Comparative efficacy and safety of mizoribine and mycophenolate mofetil for treating systemic lupus erythematosus: a retrospective cohort study

Abstract

Background: Mizoribine (MZR) is an immunosuppressive agent that selectively inhibits inosine monophosphate dehydrogenase; its actions are considerably similar to those of mycophenolate mofetil (MMF). This study aimed to clarify whether MZR can be a good treatment option for systemic lupus erythematosus (SLE) and to compare the efficacy and safety of MZR and MMF in patients with active SLE.

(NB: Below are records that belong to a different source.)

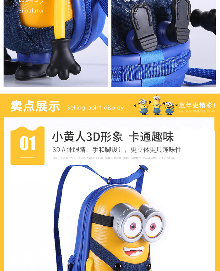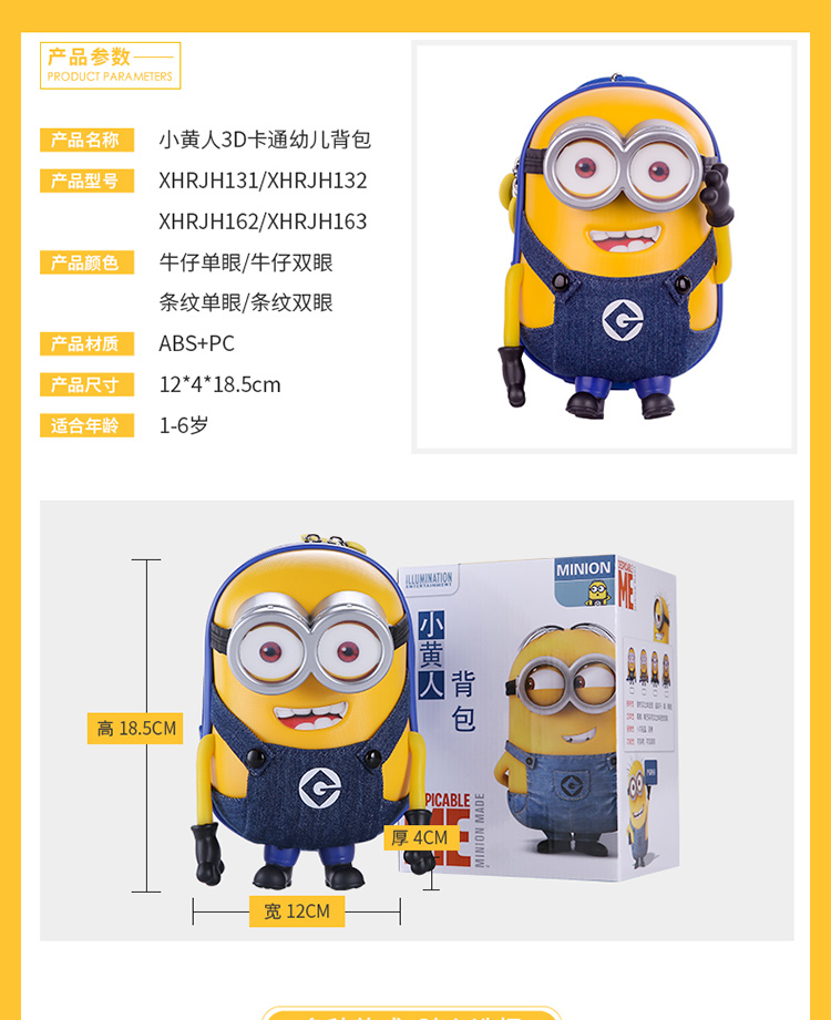 神偷奶爸Despicable Me 背包斜跨包 牛仔条纹单双眼3色装(颜色均发)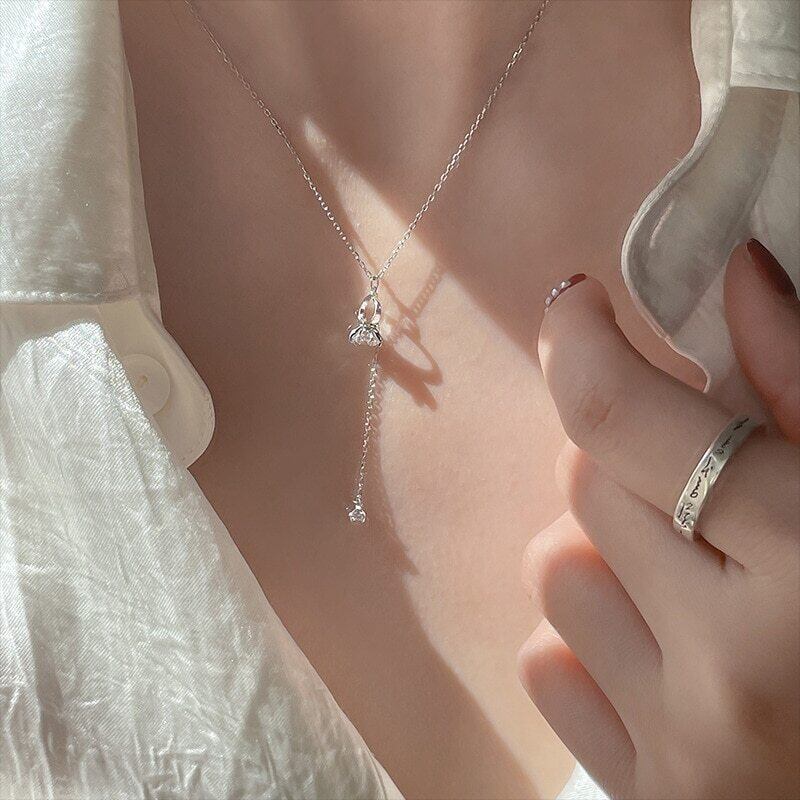 送料無料 ANENJERYシルバーカラーラージザーコンサークルプロミスネックレスシンプルで繊細な鎖骨チェーンTelネックレス レース 銀 アクセサリー AE165576671771803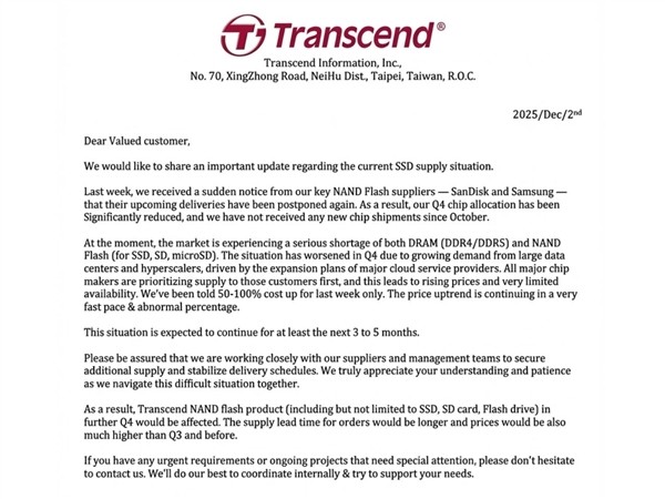 存储设备制造商创见近日向其合作代理商发出内部通告,详细说明了当前SSD供应链所面临的严峻局面。文件显示,自去年10月起,该公司便未获得任何新的NAND芯片供应,而主要供应商如闪迪与三星更进一步通知将再度推迟芯片交付时间。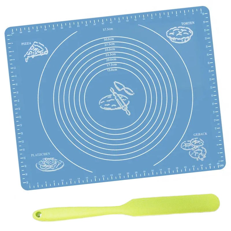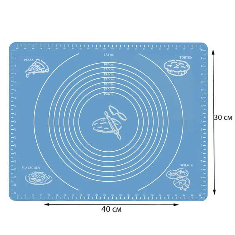 Характеристики коврика: Разметка в сантиметрах по краям и круги от 15 до 37,5 см — удобно для теста под пиццу, коржи и печенье Иконки с назначением: pizza, torte, gebäck, plätzchen Противоскользящая и антипригарная поверхность Температурный диапазон: от -40°C до +230°C Легко моется, можно использовать в духовке и морозилке Силиконовая лопатка: Мягкая, эластичная и прочная Не оставляет царапин на посуде Отлично подходит для кремов, теста, глазури Яркий дизайн — легко найти среди кухонных принадлежностей Преимущества набора No brand: Безопасные пищевые материалы (BPA-free) Идеален для выпечки, замешивания, глазировки Коврик легко сворачивается для хранения Цветовое сочетание добавит яркости вашей кухне Подходит как для личного использования, так и в подарок — практично, красиво и качественно! Наша рекомендация: перед использованием промыть теплой водой с добавлением нейтрального моющего средства. О разнице в цвете: Все товары сделаны на натуральных фотографиях. Из-за различных мониторов и освещения при съемке, факторов окружающей среды и т. д., есть небольшая разница в цвете, которая объективна и ее нельзя избежать! Хроматическая аберрация не является проблемой качества.
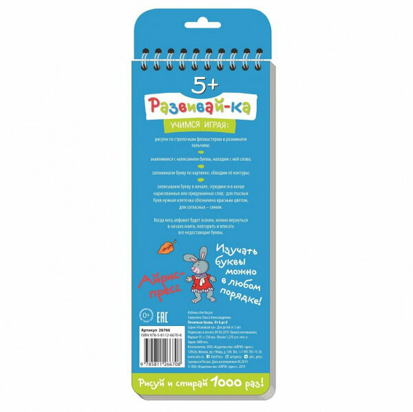 Благодаря специально подобранным картинкам-образам и развивающим заданиям многоразовые прописи помогут ребёнку быстро запомнить все печатные буквы русского алфавита, освоить их написание, провести работу над ошибками и сформировать красивый и аккуратный почерк.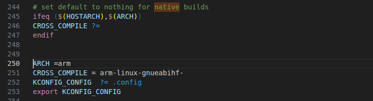 上图 3 中的 250 、 251 行就是直接给 ARCH 和 CROSS_COMPILE 赋值,这样我们就可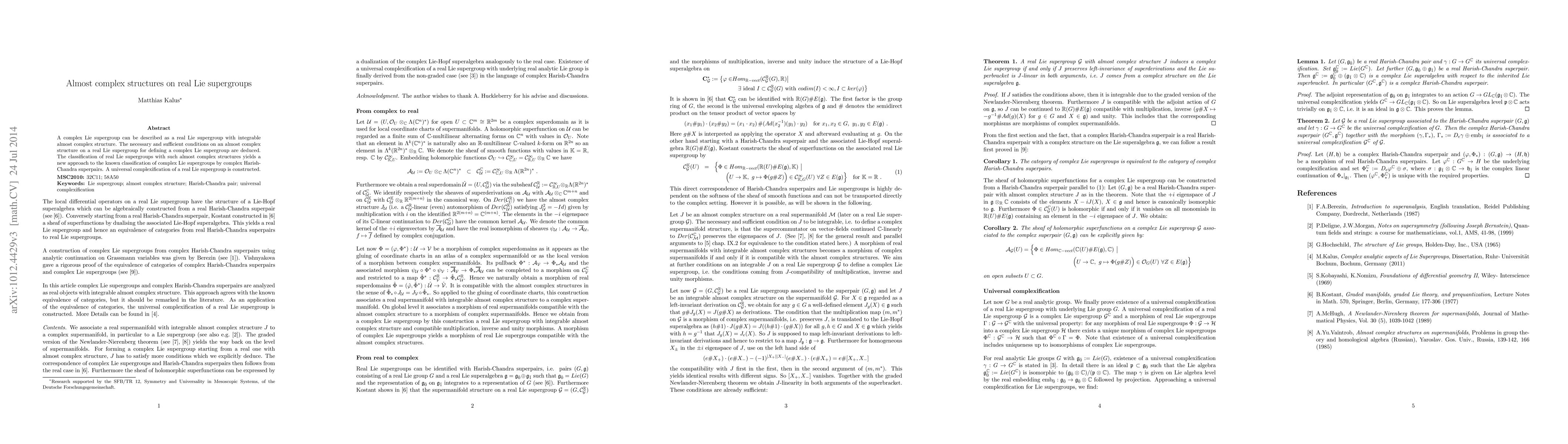 The paper deduces conditions for an almost complex structure on a real Lie supergroup to define a complex Lie supergroup and constructs a universal complexification, offering a new classification approach based on complex Harish-Chandra superpairs.

Methods: We retrospectively compared the efficacy, continuation rate, and safety of MZR (52 patients) and MMF (31 patients) after adjusting for stabilized inverse probability of treatment weighting based on propensity scores. The efficacy endpoints were as follows: cumulative incidence of lupus low disease activity state (LLDAS) or remission attainment and flares and change in prednisolone dose over 2 years. Drug continuation rates were defined as the time from drug initiation to discontinuation for any cause, owing to the lack of efficacy, or owing to adverse events. The safety endpoint was the frequency of adverse events.

Results: Overall, 25 (48.1%) and 13 (25.0%) patients in the MZR group and 18 (58.1%) and 15 (48.3%) in the MMF group achieved LLDAS and remission during the follow-up period, respectively; thus, the cumulative incidence of LLDAS and remission attainment of the two groups was similar after adjustment. Prednisolone dose was steadily reduced in both the groups, and the change in prednisolone dose was nearly identical between the two groups. Drug discontinuation rate due to adverse events and the frequency of all adverse events and infections were higher in the MMF group than in the MZR group, albeit without significance after adjustment.

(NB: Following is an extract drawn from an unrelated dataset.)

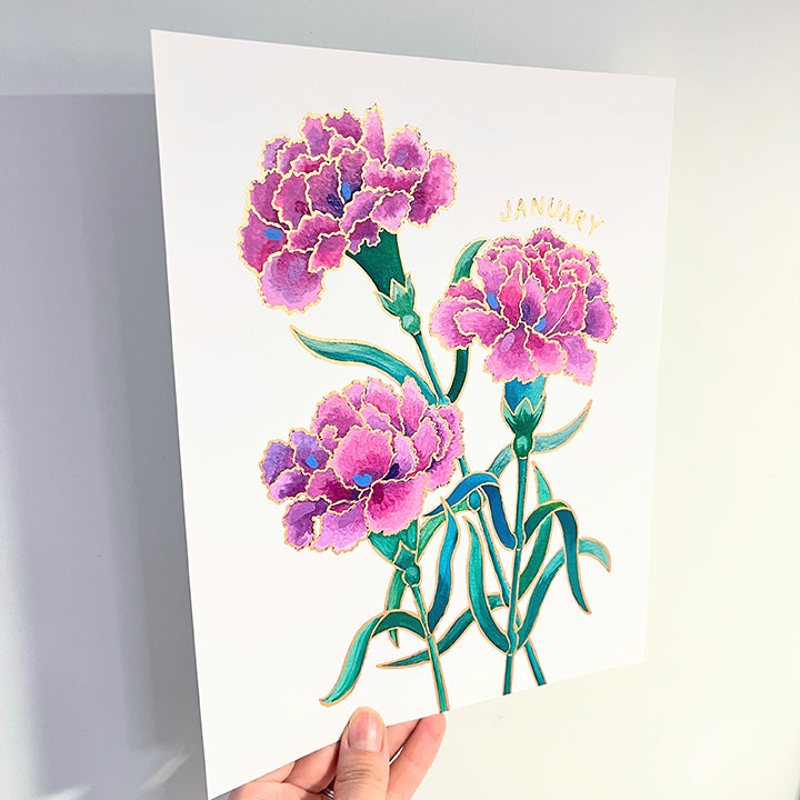 One of January's birth flowers, carnations represent love and affection and are captured beautifully in this hand-embellished print. Gift it to a loved one to celebrate a birthday, new baby, Mother's Day, etc. — or form your own family bouquet with a print for each member of your family.

Conclusion: MZR is as effective as MMF in controlling SLE activity. The adverse events of MZR, whose profile differs from MMF, are comparable to or less than those of MMF. MZR may be a valuable option as an immunosuppressive agent for SLE, as well as MMF.

Keywords: continuation rate; lupus low disease activity; mizoribine; mycophenolate mofetil; systemic lupus erythematosus.

Figure 1.

Algorithm for the inclusion and exclusion of the study population.

Figure 2.

The cumulative incidence of (a) LLDAS attainment, (b) remission attainment, and (c) flares in the MZR and MMF groups after adjusting for propensity score-based stabilized IPTW. CI, confidence interval; SHR, sub-distribution hazard ratio.

Figure 3.

Predicted changes in prednisolone dose in the MZR and MMF groups. Data and error bars represent means and 95% confidence intervals.

Figure 4.

(a) Drug continuation rates, (b) drug discontinuation rates due to the lack of efficacy, and (c) drug discontinuation rates due to adverse events in the MZR and MMF groups after adjusting for propensity score-based stabilized IPTW. CI, confidence interval; HR, hazard ratio.

Figure 5.

(a) The cumulative incidence of LLDAS attainment, (b) drug discontinuation rates due to the lack of efficacy, and (c) drug discontinuation rates due to adverse events in the MZR and MMF groups after adjusting for propensity score-based stabilized IPTW. The analysis was limited to moderately to severely active patients with a SLEDAI score of ⩾ 6. CI, confidence interval; HR, hazard ratio; SLEDAI, Systemic Lupus Erythematosus Disease Activity Index 2000; SHR, sub-distribution hazard ratio.

Figure 6.

(a) The cumulative incidence of LLDAS attainment, (b) drug discontinuation rates due to the lack of efficacy, and (c) drug discontinuation rates due to adverse events in the MZR and MMF groups after adjusting for propensity score-based stabilized IPTW. The analysis was limited to patients who received no concomitant calcineurin inhibitors. CI, confidence interval; HR, hazard ratio; SHR, sub-distribution hazard ratio.